Last week witnessed the return of monarch butterflies to our region and the debut of fireflies in the meadows, but the bug that grabbed our attention was the nefarious emerald ash borer (EAB). This nocent genie is officially out of the bottle as it escaped its federal quarantine zone in Prince George’s and Charles counties and surfaced in several locations in Howard county Maryland more than 30 miles away. This was particularly bad news because it confirms suspicions of many scientists that the rate of spread of EAB is now accelerating in Maryland. EAB was first detected near Detroit, Michigan in 2002, and is found in Illinois, Iowa, Indiana, Kentucky, Maryland, Missouri, Minnesota, New York, Ohio, Pennsylvania, Tennessee, Virginia, West Virginia, Wisconsin, and parts of Canada. A native of Asia, EAB likely arrived in this country in packing material. In 2003 the first EAB tremor was felt in our region when the borer was detected in a nursery in Prince George’s County. This detection confirmed the suspicions and fears of many, namely, that the EAB could be transported and relocated with infested nursery stock.

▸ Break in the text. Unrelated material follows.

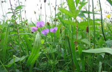 The rare purple-flowered Marsh pea flourishes on the meadows of Shannon Callows. It relies on the annual mowing of the meadows by the farmers to prevent scrub from growing over the meadows and to prevent strong, competitive plants from becoming dominant.
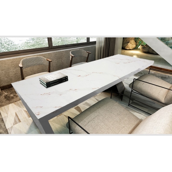 Calacatta-Quarz besteht aus natürlichen Bestandteilen, ist aber dennoch robust, langlebig und porenarm, wodurch Steinprodukte aus Quarz nahezu verschleißfrei sind. Langlebigkeit, Komfort und ein gleichmäßiges Muster sind die Hauptgründe für die wachsende Beliebtheit von Quarzstein. Quarzstein besteht zu 90 % aus Naturstein; der Rest sind Bindemittel, Farbstoffe und Zusatzstoffe, die die technischen Eigenschaften des Steins verbessern. Wasserdurchlässigkeit und Fleckenbeständigkeit ergänzen die Schönheit von Quarzstein.

Ash trees infested with EAB were shipped in April, 2003 to a nursery in the Maryland suburbs near Washington, DC. During the spring and summer beetles moved from Michigan-grown trees to ones grown in the nursery. Some of these trees were shipped and installed in several locations in the greater Washington, DC area. Officials from the Maryland Department of Agriculture in cooperation with the USDA conducted search and destroy missions. In 2003, more than 1000 ash trees were destroyed in an attempt to eradicate this pest. State officials were optimistic about the results of the eradication program until August 21, 2006 when larvae of EAB were detected in ash trees in and near the original eradication area. What this meant was that beetles somehow escaped the first eradication attempt and established an infestation in native ash trees nearby. Sounds a bit like Jurassic Park, doesn’t it? Beetles were apparently on the loose for about four growing seasons before the beast was rediscovered in 2006. On August 22, 2006 the Maryland Department of Agriculture issued a revised Quarantine Order that prohibited anyone from moving ash trees, products, or any hardwood firewood into or out of Prince George’s County until further notice. In 2008, this rascal jumped the southern boarder of Prince George’s County and was discovered a few miles away in northern Charles County. Using historical data provided by the Maryland Department of Agriculture, we recently estimated the natural rate of spread of EAB to be just less than one mile each year. At this rate of spread, it would have taken the beast almost 30 years to move from more its introduction point in Prince George’s County to Baltimore. With the detection of EAB in Howard County, our initial projections are out the window, and our revised models put the green menace in charm city in less than 10 years.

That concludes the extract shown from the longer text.